Sessizce sırama oturduğumda Diana'nın dikkatini çekmiş olmalıyım ki topuklu ayakkabılarının sesini duyuyordum. Tam yanımda durdu. Başımı hafifçe kaldırdığımda yapmacık gülümsemeyile karşılaştım. Diana çok güzel bir kızdı. Gerçekten güzeldi ve ben bazen onu kıskanıyordum. Boyalı olduğu belli olan turuncu saçları ve kahverengi gözleri vardı. Yine ve yine götünü zor kapayacak mini etek giymişti.

''Lexi! Tina'nın partisine yine gelemiyorsun değil mi? Çok üzülüyorum senin adına. Baban sayesinde kazandığın popülerliği harcıyorsun. Jessie ile takılacağına benimle takılsan böyle bir sorunun olmazdı.''

Gözlerimi kısıp alayla sırıtan Diana'yı süzdüm. Daha sonra da omuz silkip matematik kitabıma dönerek ''Ben sürtük olmaya pek hevesli değilim Diana.'' diye mırıldandım.

Diana'nın duyduğundan emindim. Çünkü yüzü düşmüş ve kaşları çatılmıştı. O sırada içeriye Jessie girince bir bana bir de başımda akbaba gibi dikilen Diana'ya baktı. Aramızdaki gerginliği fark ederek hızla bize doğru geldi.

Diana arkasına dönüp Jessie'ye baktığında ona küçümseyici bakışlarından yolladı. Jessie de tiksinti dolu bakışlarıyla ona karşılık verdi. 

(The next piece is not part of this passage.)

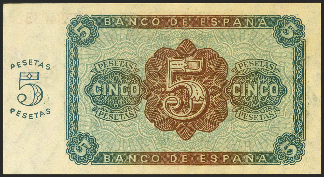 5 Pesetas. 10 de Agosto de 1938. Serie F. (Edifil 2021: 435a). Apresto original. SC.

Yanıma gelince yana kaydım ve oturmasına izin verdim. Jessie yanımda oturunca kulağıma eğildi. ''Ne oldu yine? Ne dedi sürtük?''

Derin bir nefes aldım. Diana'ya inat o partiye gidecektim ve popülerliğimi sergileyecektim. Her ne kadar şu popülerlik işini önemsemesem de ... ''Parti saat kaçta?''

Jessie geri çekilerek suratıma ciddi miyim diye baktı. ''Sekiz de... Gelecek misin?''

Başımı belli belirsiz sallayınca Jessie çığlık atarak boynuma atladı. Ah! Bu işi başarabileceğimden pek emin değildim ama annemden yardım alabilirdim. Annem kesin partiye gitmeme izin verirdi. Diğer annelere benzemiyordu. Bu huyunu seviyordum. Katı kuralları yoktu. Aksine eğlenmemi istiyordu. Katı kuralları olan babamdı. Onu oyalamak da anneme düşücekti işte. 

Arkama döndüm. Diana'nın kaşlarını çatmış bizi izlediğini görünce sırıttım. Ona baktığımı anlayınca yapmacık bir şekilde bana gülümsedi. Tekrar önüme dönünce Jessie sırada ellerini çırparak ''Çok eğlenceli olacak.'' diye çığırdı neşeyle.

Gözlerimi devirirken buldum kendimi. Çok eğlenceli olacak (!)